Start of Dataset records
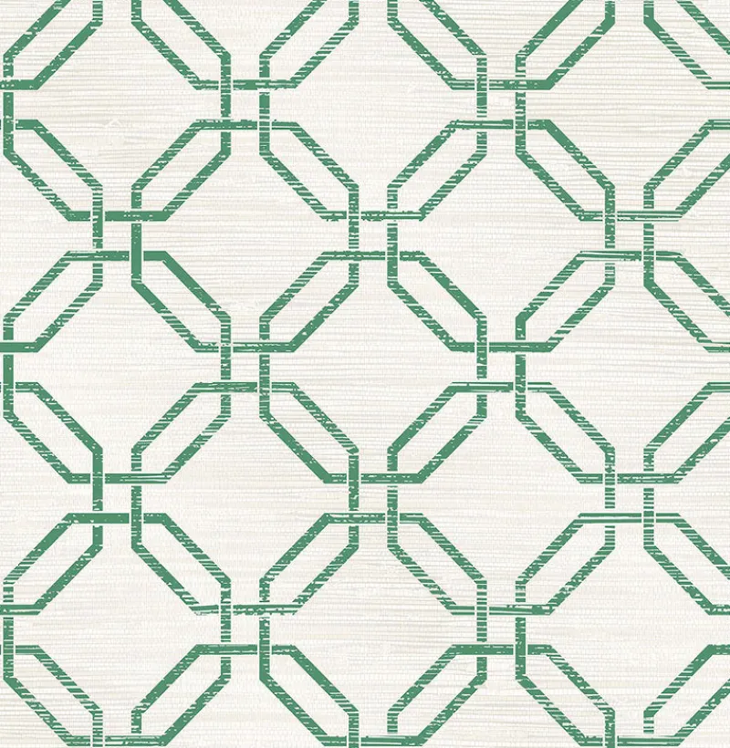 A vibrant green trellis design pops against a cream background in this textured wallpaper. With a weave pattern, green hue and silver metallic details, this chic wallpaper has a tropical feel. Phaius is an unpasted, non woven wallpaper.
End of Dataset records
Start of Dataset records
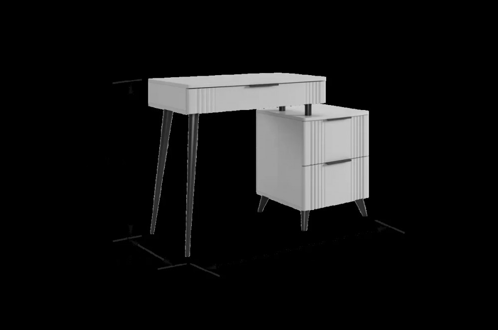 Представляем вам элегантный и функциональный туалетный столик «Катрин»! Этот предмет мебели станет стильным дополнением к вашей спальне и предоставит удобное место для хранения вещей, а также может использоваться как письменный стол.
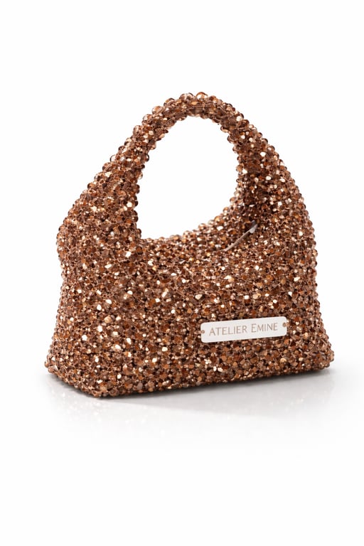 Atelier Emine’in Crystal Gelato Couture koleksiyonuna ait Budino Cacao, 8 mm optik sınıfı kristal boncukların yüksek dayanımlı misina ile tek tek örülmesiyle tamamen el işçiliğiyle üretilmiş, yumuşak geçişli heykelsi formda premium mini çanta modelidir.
End of Dataset records
Start of Dataset records
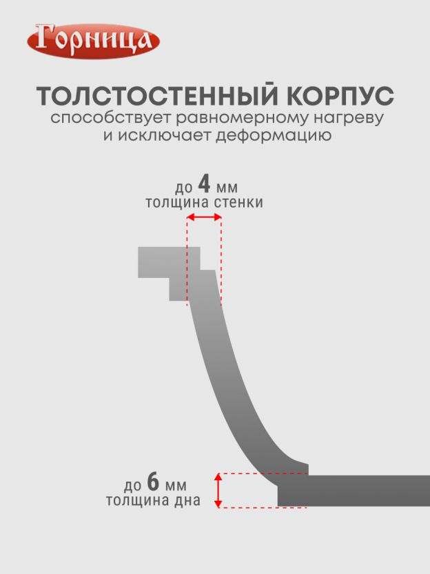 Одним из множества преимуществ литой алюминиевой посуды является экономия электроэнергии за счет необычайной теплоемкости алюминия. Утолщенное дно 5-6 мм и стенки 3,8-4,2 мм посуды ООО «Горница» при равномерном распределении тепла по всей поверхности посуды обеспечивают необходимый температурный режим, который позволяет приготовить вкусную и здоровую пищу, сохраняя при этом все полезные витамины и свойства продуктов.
End of Dataset records
Both the line containing "Представляем вам элегантный" and the line containing "Atelier Emine’in Crystal" above belong in the output, as do the lines between them. Print them exactly, without pictures.

 Представляем вам элегантный и функциональный туалетный столик «Катрин»! Этот предмет мебели станет стильным дополнением к вашей спальне и предоставит удобное место для хранения вещей, а также может использоваться как письменный стол.
 Atelier Emine’in Crystal Gelato Couture koleksiyonuna ait Budino Cacao, 8 mm optik sınıfı kristal boncukların yüksek dayanımlı misina ile tek tek örülmesiyle tamamen el işçiliğiyle üretilmiş, yumuşak geçişli heykelsi formda premium mini çanta modelidir.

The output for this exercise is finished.